**Aim of the exercise**
Return all the lines below exactly. Any picture among them is omitted.

**Data below**
= Beginning of Section =

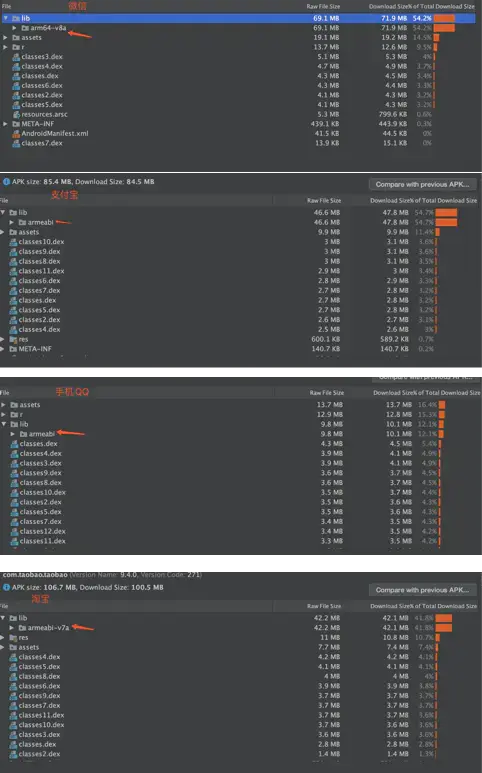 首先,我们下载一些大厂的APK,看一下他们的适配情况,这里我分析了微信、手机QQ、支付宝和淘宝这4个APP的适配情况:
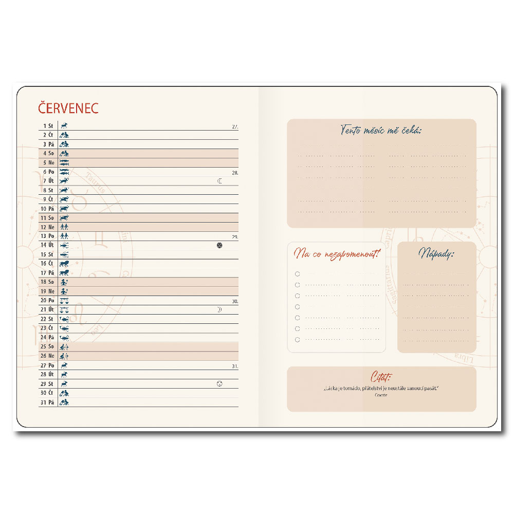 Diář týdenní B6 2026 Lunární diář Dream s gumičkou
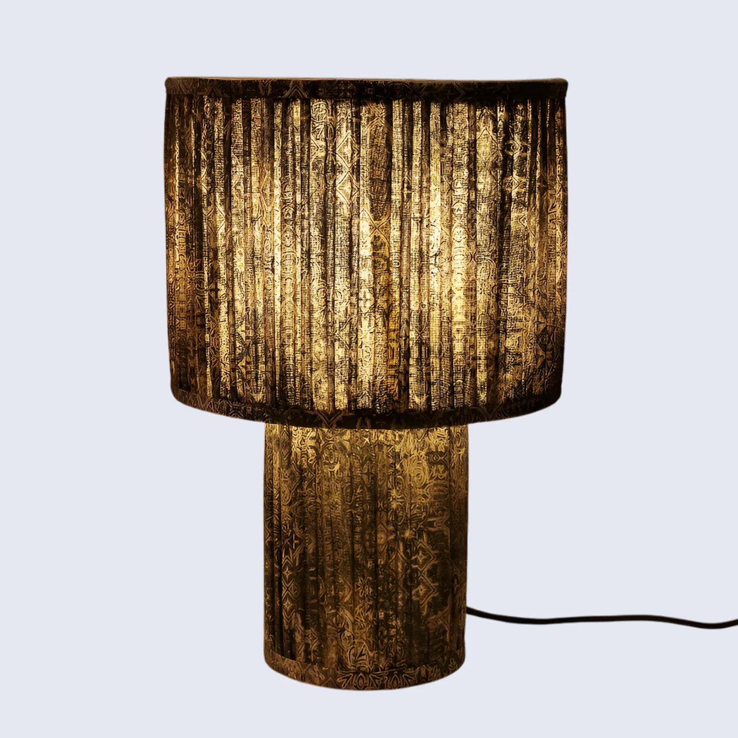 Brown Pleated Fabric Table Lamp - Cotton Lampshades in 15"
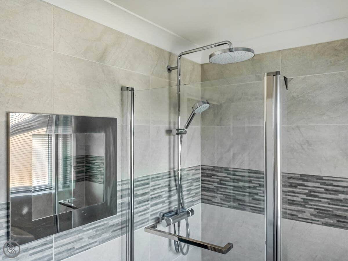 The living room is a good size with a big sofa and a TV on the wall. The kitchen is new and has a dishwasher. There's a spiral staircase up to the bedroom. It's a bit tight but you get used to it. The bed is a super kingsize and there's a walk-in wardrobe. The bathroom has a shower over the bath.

= End of Section =

**Answer to this exercise**
 首先,我们下载一些大厂的APK,看一下他们的适配情况,这里我分析了微信、手机QQ、支付宝和淘宝这4个APP的适配情况:
 Diář týdenní B6 2026 Lunární diář Dream s gumičkou
 Brown Pleated Fabric Table Lamp - Cotton Lampshades in 15"
 The living room is a good size with a big sofa and a TV on the wall. The kitchen is new and has a dishwasher. There's a spiral staircase up to the bedroom. It's a bit tight but you get used to it. The bed is a super kingsize and there's a walk-in wardrobe. The bathroom has a shower over the bath.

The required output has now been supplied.